DATA RECORDS:
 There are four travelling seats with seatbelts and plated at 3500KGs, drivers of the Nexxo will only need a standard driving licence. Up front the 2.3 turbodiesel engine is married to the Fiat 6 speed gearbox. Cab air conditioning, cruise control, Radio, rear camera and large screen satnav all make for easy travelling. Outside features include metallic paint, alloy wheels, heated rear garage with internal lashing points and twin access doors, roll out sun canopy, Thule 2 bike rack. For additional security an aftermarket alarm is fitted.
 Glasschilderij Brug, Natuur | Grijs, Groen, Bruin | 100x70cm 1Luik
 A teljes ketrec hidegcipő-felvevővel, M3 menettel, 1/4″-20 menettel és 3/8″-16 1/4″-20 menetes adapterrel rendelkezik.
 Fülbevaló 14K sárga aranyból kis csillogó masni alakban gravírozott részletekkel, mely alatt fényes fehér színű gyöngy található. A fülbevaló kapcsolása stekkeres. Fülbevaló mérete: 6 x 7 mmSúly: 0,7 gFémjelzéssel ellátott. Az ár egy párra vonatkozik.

--

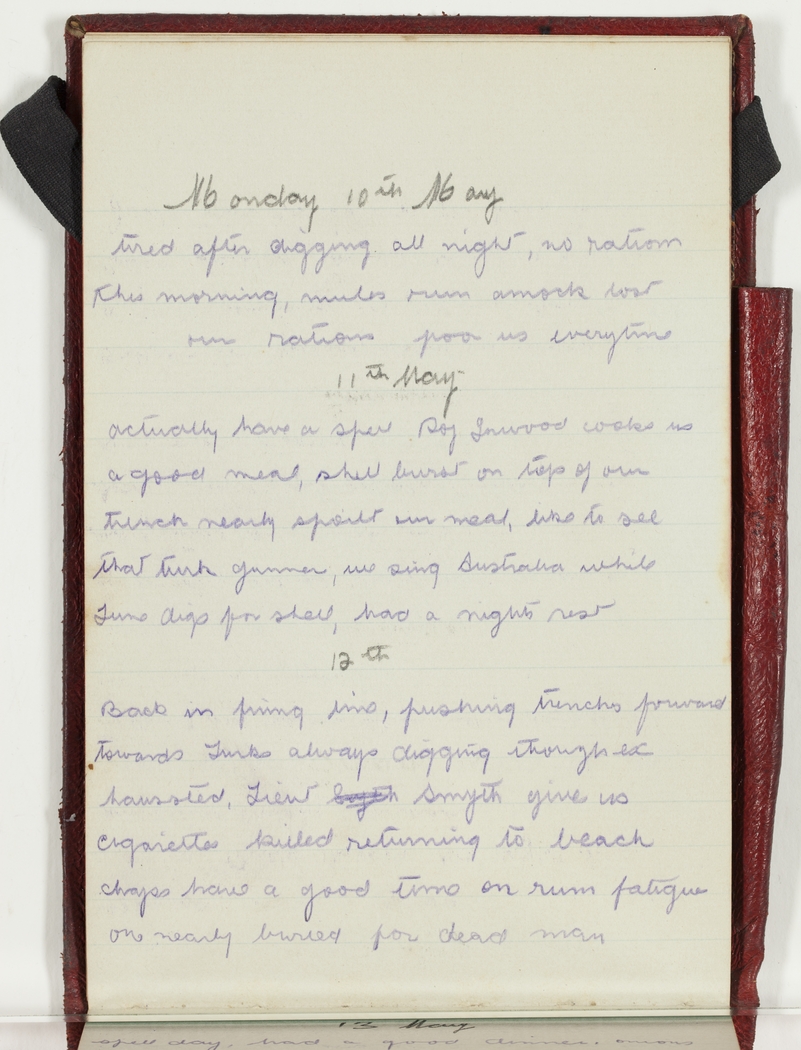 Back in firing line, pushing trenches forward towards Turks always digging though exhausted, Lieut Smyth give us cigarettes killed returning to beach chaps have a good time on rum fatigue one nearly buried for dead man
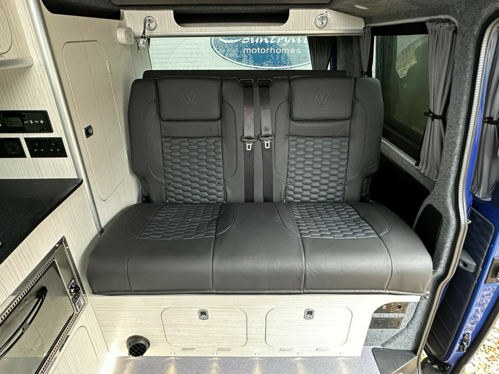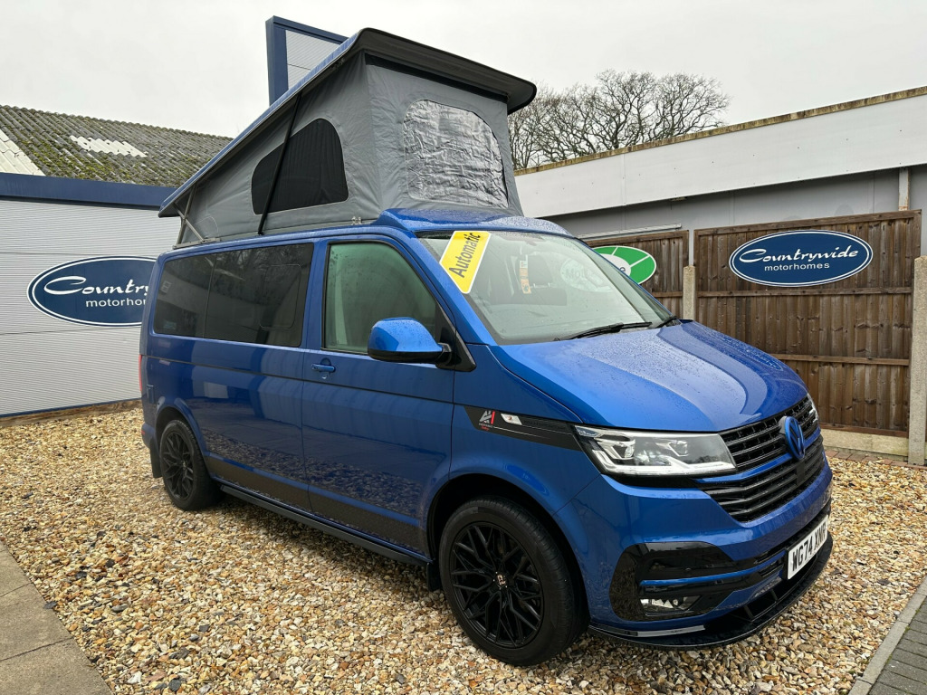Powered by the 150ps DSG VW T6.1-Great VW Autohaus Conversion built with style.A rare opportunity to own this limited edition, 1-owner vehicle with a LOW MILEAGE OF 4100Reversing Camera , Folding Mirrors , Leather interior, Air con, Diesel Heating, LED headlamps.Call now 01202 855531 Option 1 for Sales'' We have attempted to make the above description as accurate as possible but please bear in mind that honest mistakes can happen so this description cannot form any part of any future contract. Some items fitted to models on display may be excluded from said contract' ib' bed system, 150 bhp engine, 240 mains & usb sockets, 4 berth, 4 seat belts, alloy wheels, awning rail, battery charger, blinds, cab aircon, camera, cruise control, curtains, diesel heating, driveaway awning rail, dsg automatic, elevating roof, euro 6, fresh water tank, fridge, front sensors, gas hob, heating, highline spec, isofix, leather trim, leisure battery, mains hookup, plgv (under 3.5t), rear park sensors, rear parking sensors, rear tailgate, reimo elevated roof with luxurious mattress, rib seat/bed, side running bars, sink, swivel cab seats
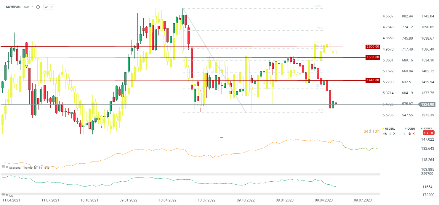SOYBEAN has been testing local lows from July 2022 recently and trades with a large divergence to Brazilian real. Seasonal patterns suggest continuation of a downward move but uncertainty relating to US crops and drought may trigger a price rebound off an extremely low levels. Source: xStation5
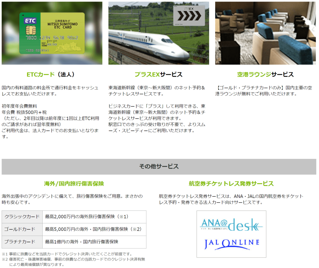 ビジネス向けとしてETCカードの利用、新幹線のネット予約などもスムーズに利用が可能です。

AIM OF THE TASK:
An exact copy of the lines above, from the one containing "There are four" down to the one containing "Fülbevaló 14K sárga" and including both, is the whole answer; retype it and nothing else.

WRITTEN ANSWER:
 There are four travelling seats with seatbelts and plated at 3500KGs, drivers of the Nexxo will only need a standard driving licence. Up front the 2.3 turbodiesel engine is married to the Fiat 6 speed gearbox. Cab air conditioning, cruise control, Radio, rear camera and large screen satnav all make for easy travelling. Outside features include metallic paint, alloy wheels, heated rear garage with internal lashing points and twin access doors, roll out sun canopy, Thule 2 bike rack. For additional security an aftermarket alarm is fitted.
 Glasschilderij Brug, Natuur | Grijs, Groen, Bruin | 100x70cm 1Luik
 A teljes ketrec hidegcipő-felvevővel, M3 menettel, 1/4″-20 menettel és 3/8″-16 1/4″-20 menetes adapterrel rendelkezik.
 Fülbevaló 14K sárga aranyból kis csillogó masni alakban gravírozott részletekkel, mely alatt fényes fehér színű gyöngy található. A fülbevaló kapcsolása stekkeres. Fülbevaló mérete: 6 x 7 mmSúly: 0,7 gFémjelzéssel ellátott. Az ár egy párra vonatkozik.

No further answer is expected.